3.2.2 Zoals hiervoor onder 3.1.3 is vermeld, heeft het Hof zich – anders dan de Rechtbank – verenigd met de door de Inspecteur bij het vaststellen van de aanslag in de IB/PVV aangebrachte correctie ten aanzien van het premiedeel van de algemene heffingskorting. Bovendien heeft het Hof naar aanleiding van het hiervoor in 3.2.1 bedoelde hoger beroep van de Inspecteur de beschikking inzake belastingrente ter zake van die aanslag dienovereenkomstig nader vastgesteld. Het Hof is daarbij niet ingegaan op het subsidiaire verweer van belanghebbende met betrekking tot de belastingrente in haar verweerschrift in hoger beroep. Daarin betoogde belanghebbende dat, ook bij handhaving van de correctie ter zake van de algemene heffingskorting, geen belastingrente ter zake in rekening mag worden gebracht, omdat de Inspecteur een ambtelijk verzuim heeft begaan door niet de volgens hem juiste voorlopige aanslag vast te stellen. Daarbij heeft belanghebbende verwezen naar haar brief aan de Inspecteur van 7 april 2017.

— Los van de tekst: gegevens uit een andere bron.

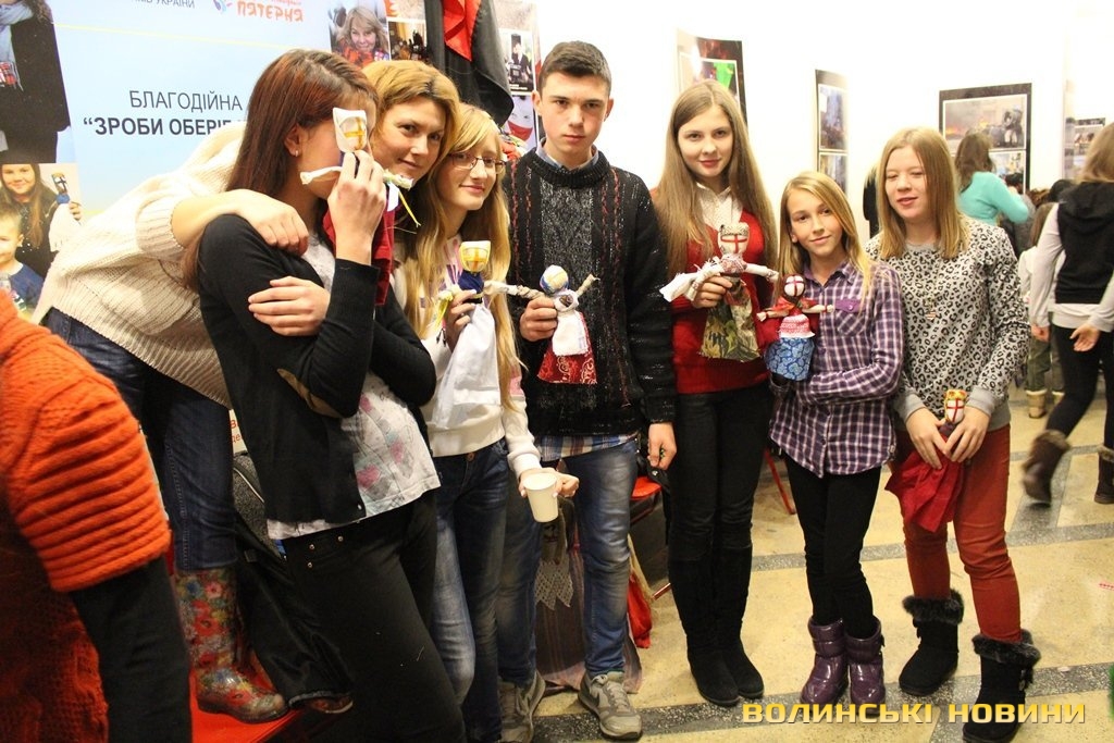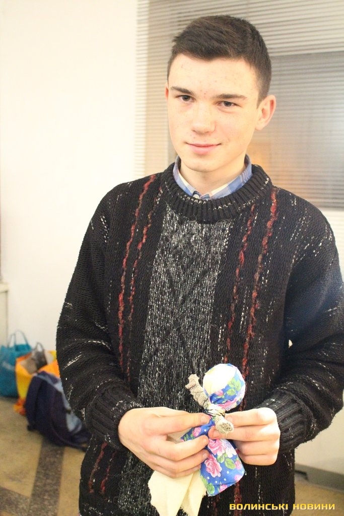 «Хоча на початках і у нас було таке, що якщо людина хворіла, їй робили ляльку, клали поруч і через деякий час мотанку спалювали. Вважалося, що в такий спосіб хворий одужає, бо згорівша лялька знищить хворобу», - ділиться спогадами художниця.Під час організованої акції охочі робили ляльки-«наречену», «берегиню», «благодать». Наприклад, один із наймолодших учасників майстер-класу Марко, разом із мамою Вікторією, виготовили мотанку «козака». Назвав її юний майстер Остапом. Розповідає, що майструвати таку іграшку йому дуже сподобалося. З мамою вони часто відвідують подібні заходи.Вперше у житті оберіг для українських військових виготовив і Максим: «Долучився до цієї акції охоче. Бо знаю, що це часточка тепла, оберіг, який нагадає нашим військовим, що ми про них піклуємося і намагаємося хоча б у такий спосіб оберегти їх від біди».Спогадами про давню українську традицію поділилася і Марійка. Вона розповіла, як її бабуся, яка жила у селі Угринів на Волині, щодня до схід сонця обходила власну хату з піднятими догори руками. Це робилося задля початку щедрого, плодючого, доброго дня. Така традиція і відобразилася на виготовлені мотанки з догори піднятими руками, яку ще називають лялька-«благодать».Також майстрині розповіли, що символом плодючості у ляльці вбачався розмір грудей. Чим вони більші, тим, вважалося, багатшими будуть врожаї.Ініціатор майстер-класу, художниця Тетяна Мялковська пригадує зустріч із волонтеркою Іриною, її розповіді про українських бійців на Сході, їхні трепетні переживання від отриманих дитячих малюнків і листів. Ці розмови й надихнули на організацію благодійної акції.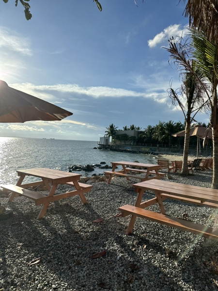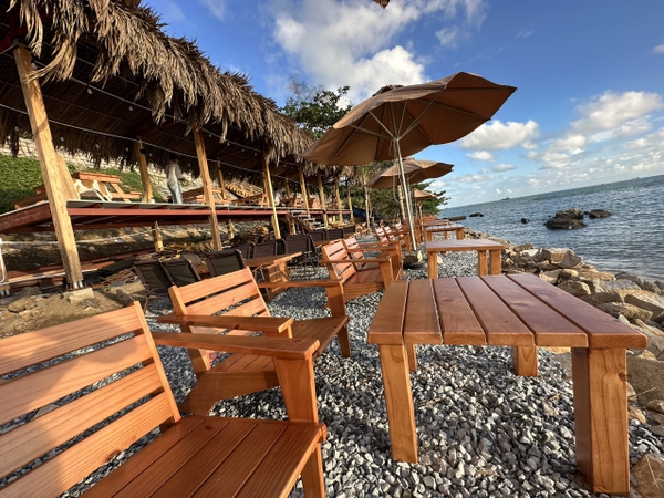 Hình 4. Bộ bàn ghế gỗ dùng cho quán cafe bên bờ biển Vũng Tàu T7.2023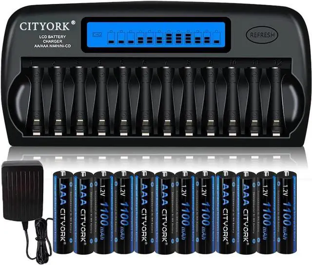 12 bay 1.2V AA AA battery charger with 12 pack AAA 1100mah rechargeable battery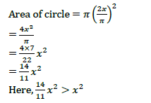 Let side of square be x then perimeter of square = 4x Perimeter of circle having radius r =2r According to question 2r=4x ? r=4x/2=2x/ Area of square =x2 Hence Area of circle is greater than area of square. Hence option (2)
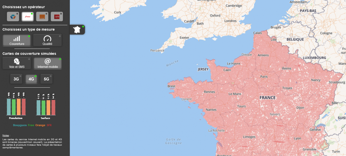Couverture, débits, qualité, tout y est. Le régulateur des télécoms propose un outil bien pratique regroupant toutes ces informations et a récemment mis les données affichées à jour pour donner un aperçu de l’état du réseau mobile à la fin de l’année 2021. Selon les indicateurs de l’Arcep, tous les opérateurs proposaient ainsi une couverture de la population en 4G supérieure à 99%. Les écarts les plus notables concernent surtout la couverture du territoire, où SFR est présent sur 94%, Orange et Bouygues Telecom sur 93% et enfin Free couvre 91% de la surface de l’Hexagone en 4G.

3.2.3 Belanghebbende heeft voor het Hof in haar hogerberoepschrift het standpunt ingenomen dat in het geheel geen belastingrente mocht worden berekend met betrekking tot de aanslag in de IB/PVV voor het jaar 2016 voor zover deze rente betrekking heeft op de belasting die zij extra in box 3 verschuldigd is als gevolg van de gewijzigde toerekening van de grondslag voor sparen en beleggen. Het Hof heeft dit standpunt verworpen.
3.2.4 Naar aanleiding van het door belanghebbende ingestelde hoger beroep is het Hof wel ingegaan op haar betoog dat geen belastingrente ter zake van de aanslag Zvw in rekening mocht worden gebracht omdat de Inspecteur bij het vaststellen van die aanslag niet is afgeweken van de door haar ingediende aangifte. Het Hof heeft belanghebbende in dit betoog gevolgd. Het heeft daartoe overwogen dat belanghebbende op 14 maart 2017, op dezelfde dag waarop zij aangifte voor de IB/PVV deed en ruim voor het einde van de termijn voor indiening van die aangifte, een brief aan de Inspecteur heeft gestuurd waarin met zoveel woorden is verzocht deze brief als aanvulling op de eerder ingediende aangifte te beschouwen. Onder die omstandigheden kan naar het oordeel van het Hof niet worden gezegd dat bij de aanslagregeling van de aangifte is afgeweken. Het Hof heeft de beschikking inzake belastingrente ter zake van de aanslag Zvw daarom vernietigd.